§ **YOUR OBJECTIVE**: You are asked to reproduce the listing exactly and to omit its pictures.
*** GIVEN DATA ***
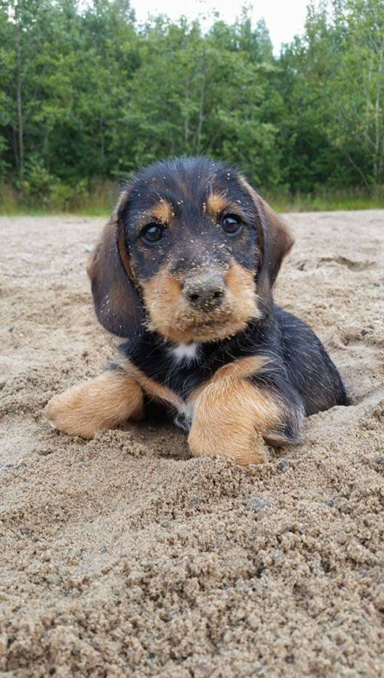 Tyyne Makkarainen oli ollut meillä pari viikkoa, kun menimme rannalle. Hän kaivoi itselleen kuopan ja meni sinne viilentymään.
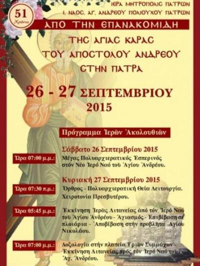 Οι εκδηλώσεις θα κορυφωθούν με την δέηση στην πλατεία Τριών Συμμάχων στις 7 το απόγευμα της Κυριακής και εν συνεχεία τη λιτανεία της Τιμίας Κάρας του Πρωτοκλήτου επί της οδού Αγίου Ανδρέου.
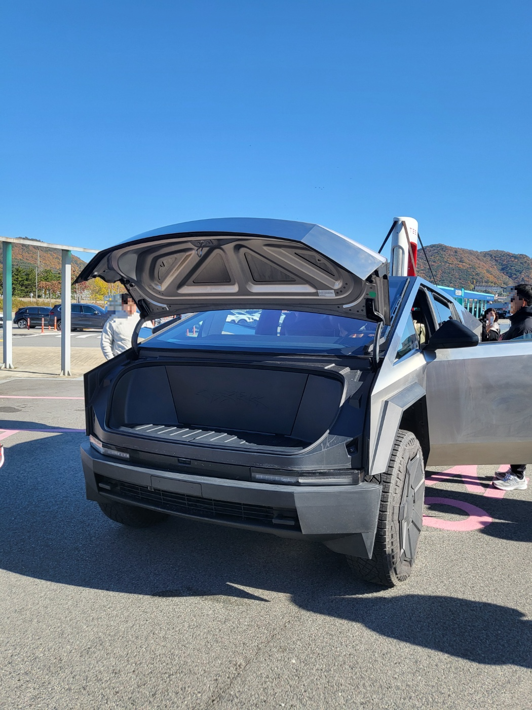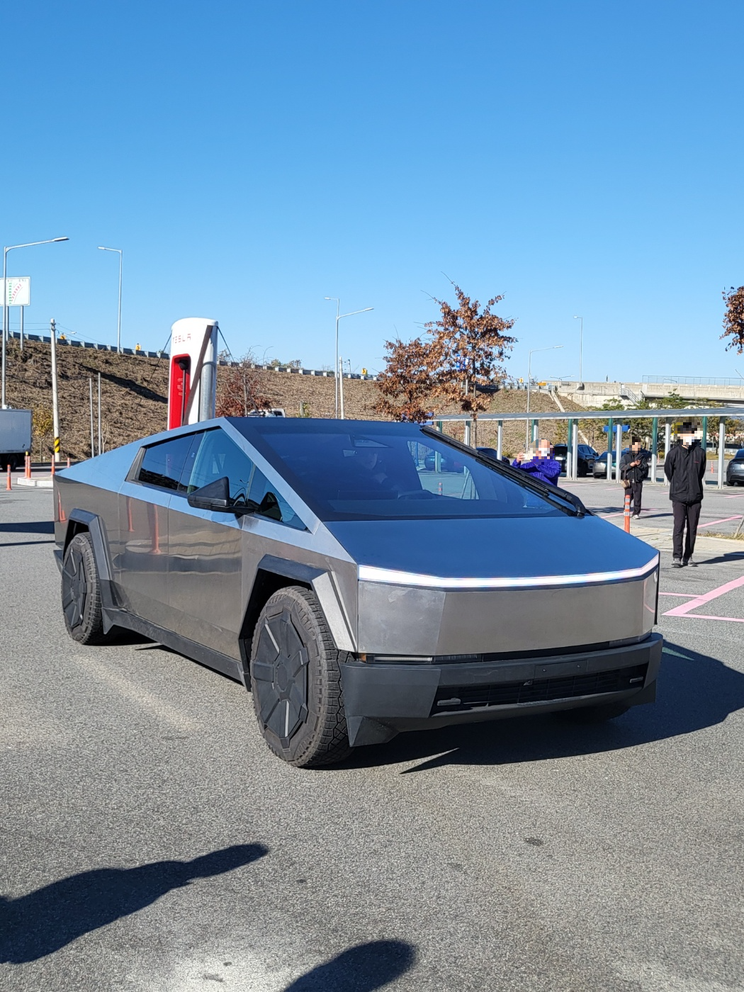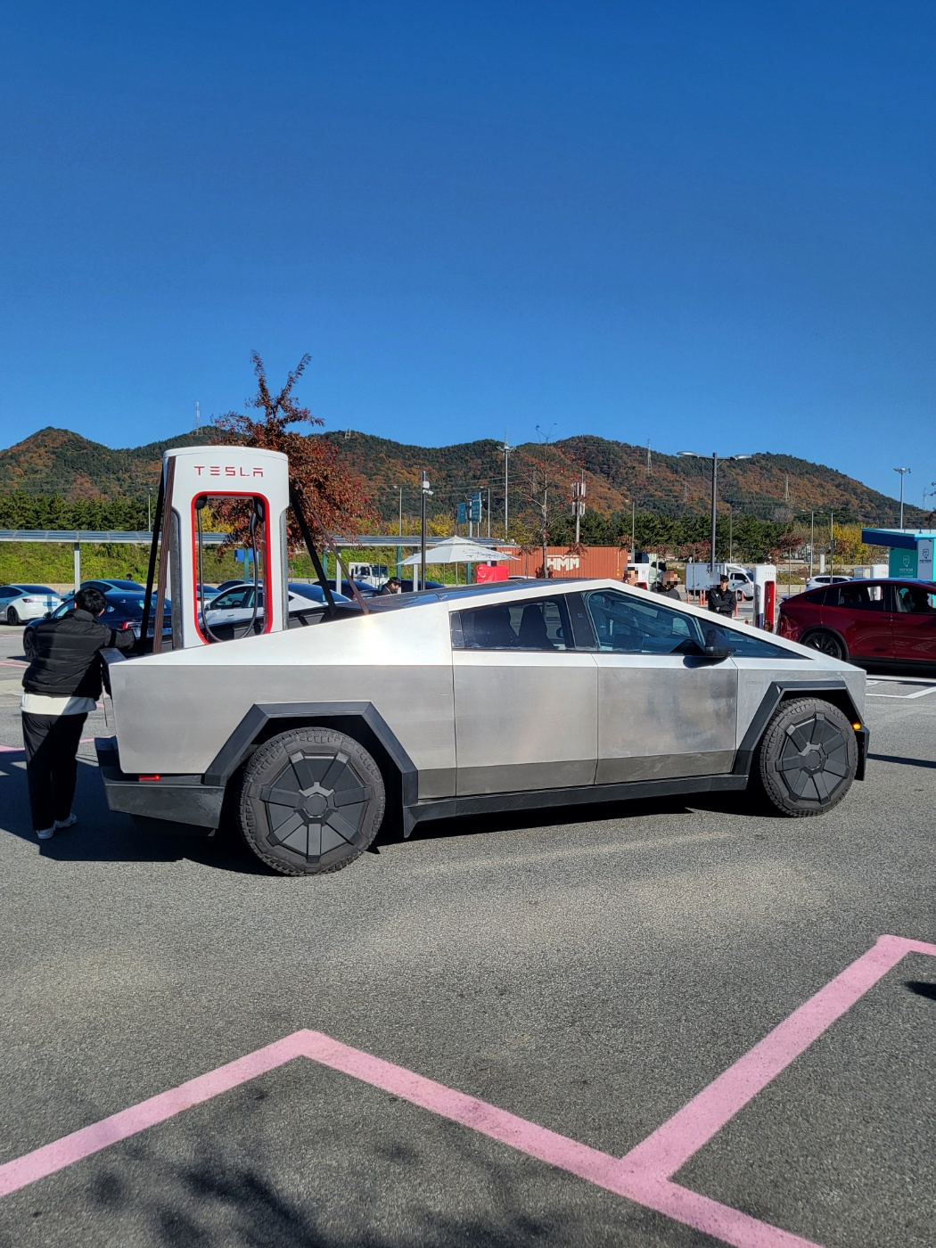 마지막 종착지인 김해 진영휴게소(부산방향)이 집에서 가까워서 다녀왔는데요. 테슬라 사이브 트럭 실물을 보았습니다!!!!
*** End of GIVEN DATA ***
§ **OUTPUT FOR THIS EXERCISE**:
 Tyyne Makkarainen oli ollut meillä pari viikkoa, kun menimme rannalle. Hän kaivoi itselleen kuopan ja meni sinne viilentymään.
 Οι εκδηλώσεις θα κορυφωθούν με την δέηση στην πλατεία Τριών Συμμάχων στις 7 το απόγευμα της Κυριακής και εν συνεχεία τη λιτανεία της Τιμίας Κάρας του Πρωτοκλήτου επί της οδού Αγίου Ανδρέου.
 마지막 종착지인 김해 진영휴게소(부산방향)이 집에서 가까워서 다녀왔는데요. 테슬라 사이브 트럭 실물을 보았습니다!!!!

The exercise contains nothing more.